As for the next part:

> the offset argument is an object which contains a single integer field
> which gets incremented inside unpack() to point to the next byte.

...I find this just too "magical".  It's only useful when you're 
specifically unpacking data bytes that are compactly back to back (no 
"filler" e.g. for alignment purposes) and pays some conceptual price -- 
introducing a new specialized type to play the role of "mutable int" 
and having an argument mutated, which is not usual in Python's library.

> so with a new API the above code could be written as
>
>  offset=struct.Offset(0)
>  hdr=unpack("iiii", offset)
>  for i in range(hdr[0]):
>     item=unpack( "IIII", rec, offset)
>
> When an offset argument is provided, unpack() should allow some bytes 
> to
> be left unpacked at the end of the buffer..
>
> Does this suggestion make sense? Any better ideas?
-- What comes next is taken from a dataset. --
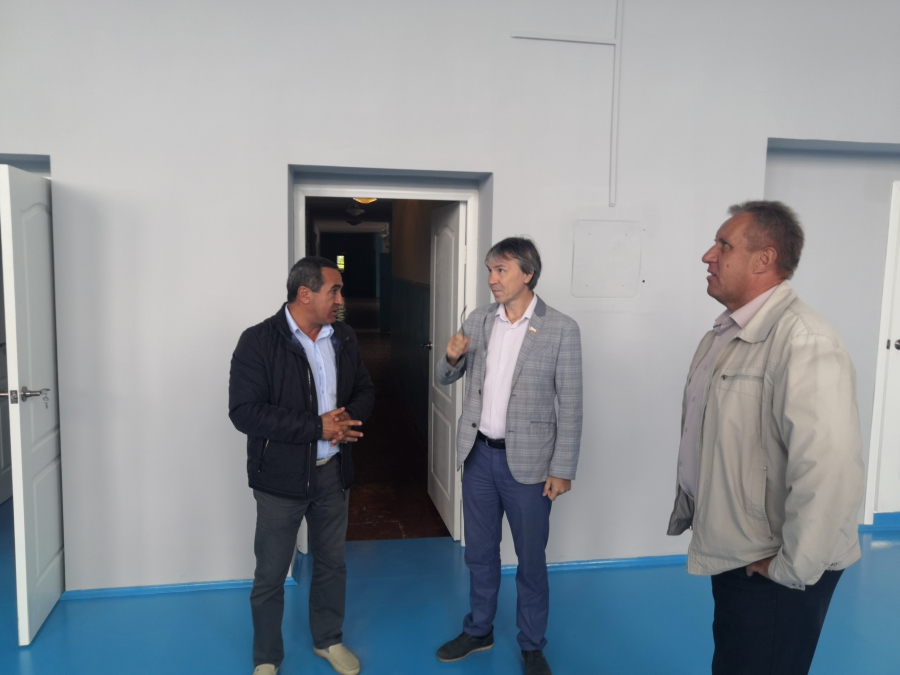 Приемка спортзала депутатом прошла параллельно с официальной сдачей объекта. Работы здесь проводились в рамках нацпроекта «Образование» по программе ремонта спортивных залов. Депутат осмотрел итоги выполненных работ. Так, в спортзале покрасили стены, положили новое покрытие на полы из деревоплит, вставили новые оконные блоки. Кроме косметических работ в самом спортзале, была отремонтирована тренерская комната и раздевалки. Рабочие заменили потолки и заменили всю внутреннюю отделку помещений.

All in all, I suspect that something like...:

# out of the record-by-record loop:
hdrsize = struct.calcsize(hdr_fmt)
itemsize = struct.calcsize(item_fmt)
reclen = length_of_each_record

# loop record by record
while True:
     rec = binfile.read(reclen)
     if not rec:
         break
     hdr = struct.unpack(hdr_fmt, rec, 0, hdrsize)
     for offs in itertools.islice(xrange(hdrsize, reclen, itemsize), 
hdr[0]):
         item = struct.unpack(item_fmt, rec, offs, itemsize)
         # process item

might be a better compromise.  More verbose, because more explicit, of 
course.  And if you do this kind of thing often, easy to encapsulate in 
a generator with 4 parameters -- the two formats (header and item), the 
record length, and the binfile -- just yield the hdr first, then each 
struct.unpack result from the inner loop.

Having the offset and length parameters to struct.unpack might still be 
a performance gain worth pursuing (of course, we'd need some 
performance measurements from real-life use cases) even though from the 
point of view of code simplicity, in this example, there appears to be 
little or no gain wrt slicing rec[offs:offs+itemsize] or using 
buffer(rec, offs, itemsize).

Alex